Q: What is the minimum cost to use Scribe as a team?
A: Scribe's Pro Team plan requires a minimum of 5 seats at $15/seat/month, making the minimum team spend $75/month even if you only have 1 or 2 users. Pro Personal is $29/user/month for solo users. Accessing SSO, SCIM, or AI PII/PHI redaction requires jumping to Enterprise, which is reportedly priced at $18,000+ annually — a significant cost cliff with no mid-tier option.
Q: Does Confluence charge extra for Rovo AI?
A: As of October 2024, Rovo AI (including Search, Chat, and 20+ pre-built Agents) is included in Confluence Standard and above at no additional charge. Previously, Rovo was a separate paid add-on. This makes the Standard plan at $5.42/user/month a strong value for teams that want AI-powered documentation features within the Atlassian ecosystem.
Q: Is there a better pricing alternative to both Confluence and Scribe?
A: Yes — Docsie uses a workspace-based AI credit model rather than per-seat pricing. The Premium plan is $199/month for up to 15 users with 300,000 AI credits included, and the Organization plan is $750/month for up to 90 users. This means a 50-person team pays a fixed monthly fee rather than scaling linearly with headcount. Docsie also includes multi-tenant client portals, video-to-documentation conversion, 100+ language auto-translation, and a built-in LMS — capabilities neither Confluence nor Scribe offer at any price tier.
Q: Can Confluence or Scribe deliver documentation to external clients?

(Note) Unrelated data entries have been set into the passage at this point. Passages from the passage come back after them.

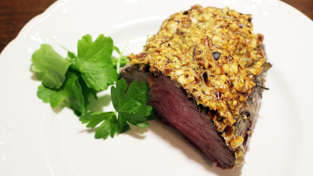 Ota liha huoneenlämpöön. Laita uuni lämpenemään 200 asteeseen. Tee kuorrute. Sekoita yhteen rosmariini, pähkinärouhe, chilirouhe ja kevyesti vatkattu kananmuna. Mausta suolalla ja pippurilla.
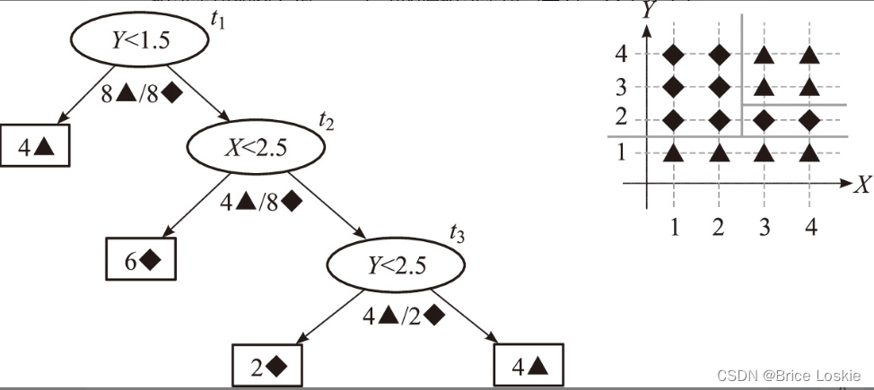 ,分支节点有。右边是每个数据点的坐标位置,有两种类型的数据点,分别为菱形和三角形。
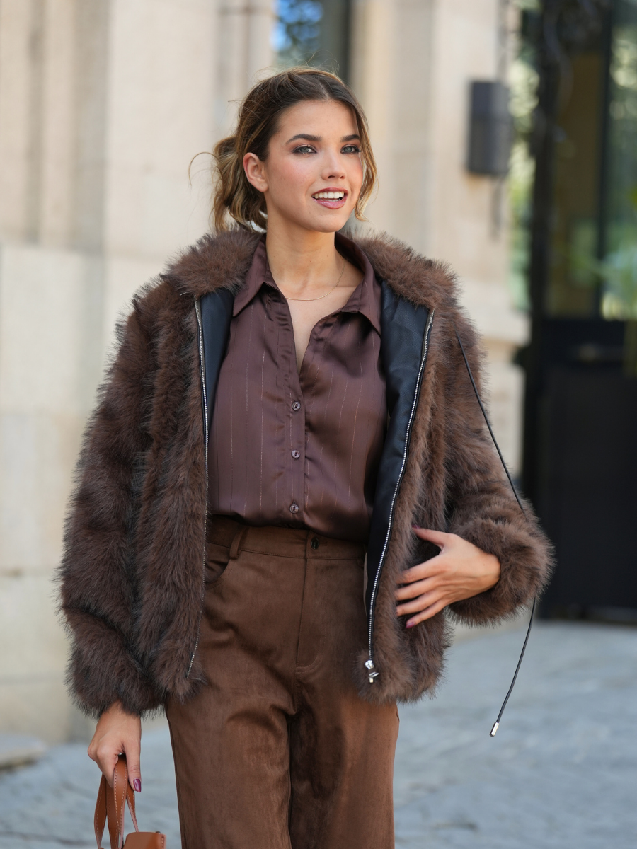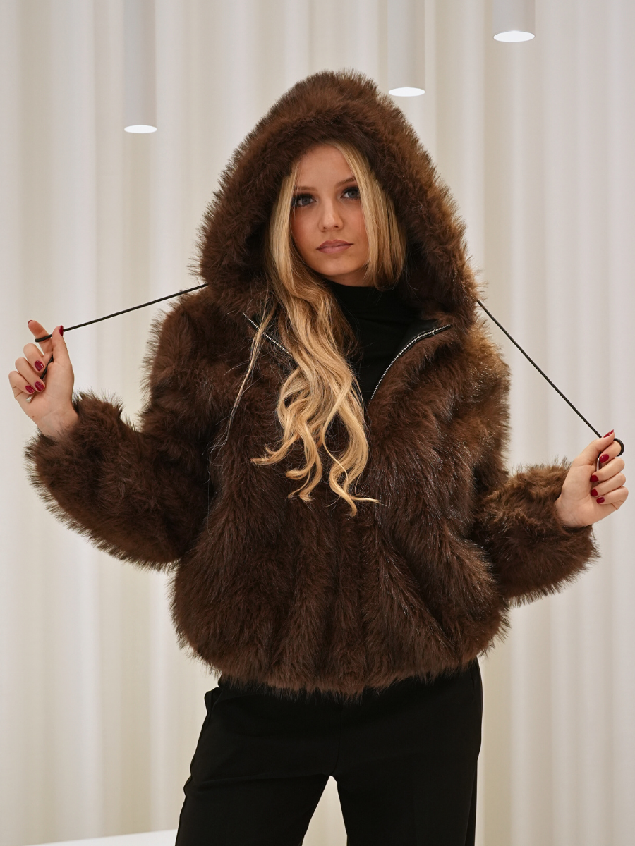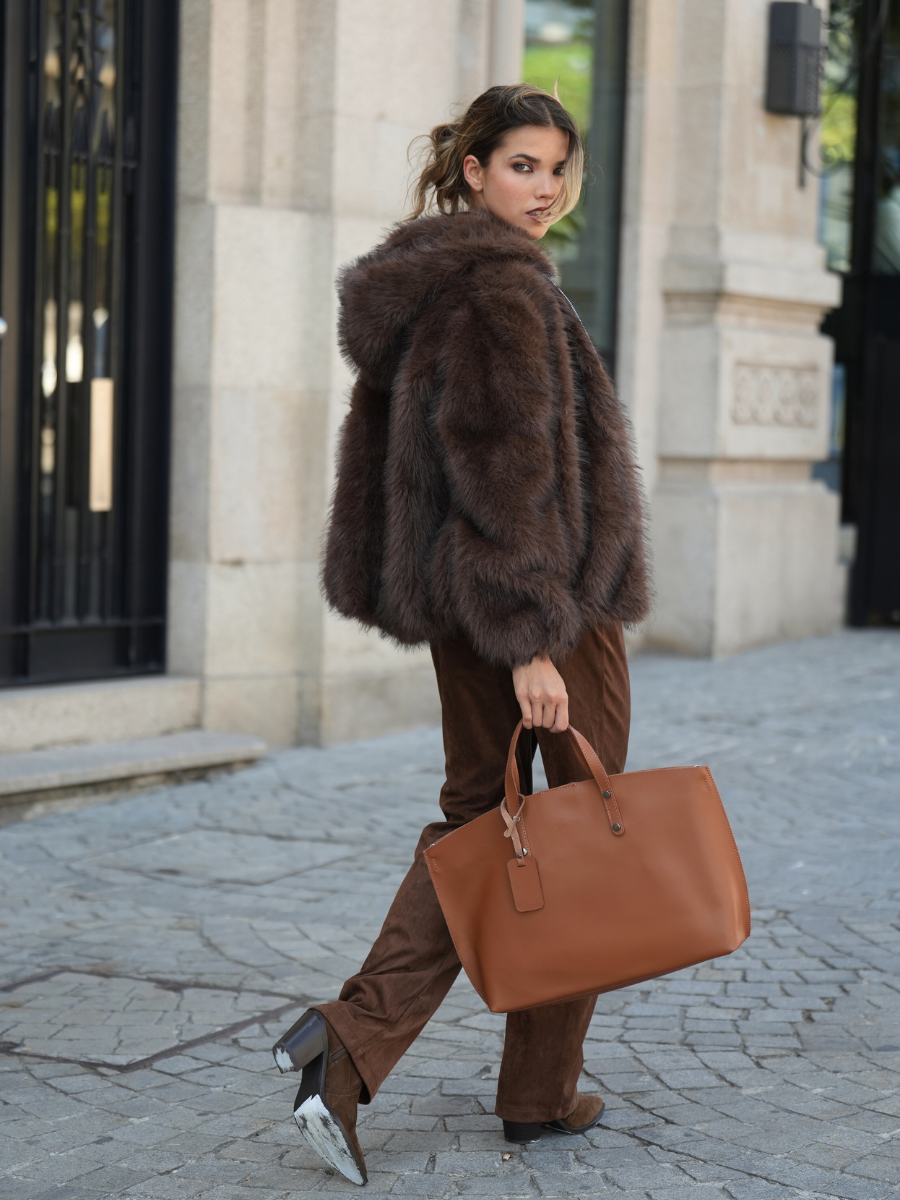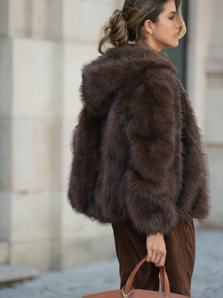 Casaco em pelo sintético textura longa e suave, em tom castanho médio. Modelo oversized com capuz volumoso e fecho frontal metálico. Interior forrado e acabamento de alta qualidade. Ideal para coordenados urbanos e confortáveis nos dias mais frios. O detalhe do capuz confere um toque moderno à silhueta clássica.

A: Neither Confluence nor Scribe supports multi-tenant client portals or custom domain delivery for external audiences. Confluence is designed for internal team wikis and requires the Atlassian ecosystem to unlock full value. Scribe is a purely internal SOP tool. Teams that need to deliver branded documentation portals to multiple clients simultaneously must look to platforms like Docsie, which is purpose-built for multi-tenant external delivery.
Q: Which tool is better if I have existing training videos to document?
A: Neither Confluence nor Scribe can convert existing training videos into structured documentation. Scribe only captures new screen workflows through its browser extension, and Confluence has no video ingestion capability whatsoever. If you have a library of training videos, Loom recordings, or real-world footage, Docsie is the only platform that converts any video type into searchable, versioned documentation using multimodal AI — including computer vision, OCR, and audio transcription.
Deep Dive
An in-depth analysis of value for money, scalability costs, and hidden limitations across both platforms.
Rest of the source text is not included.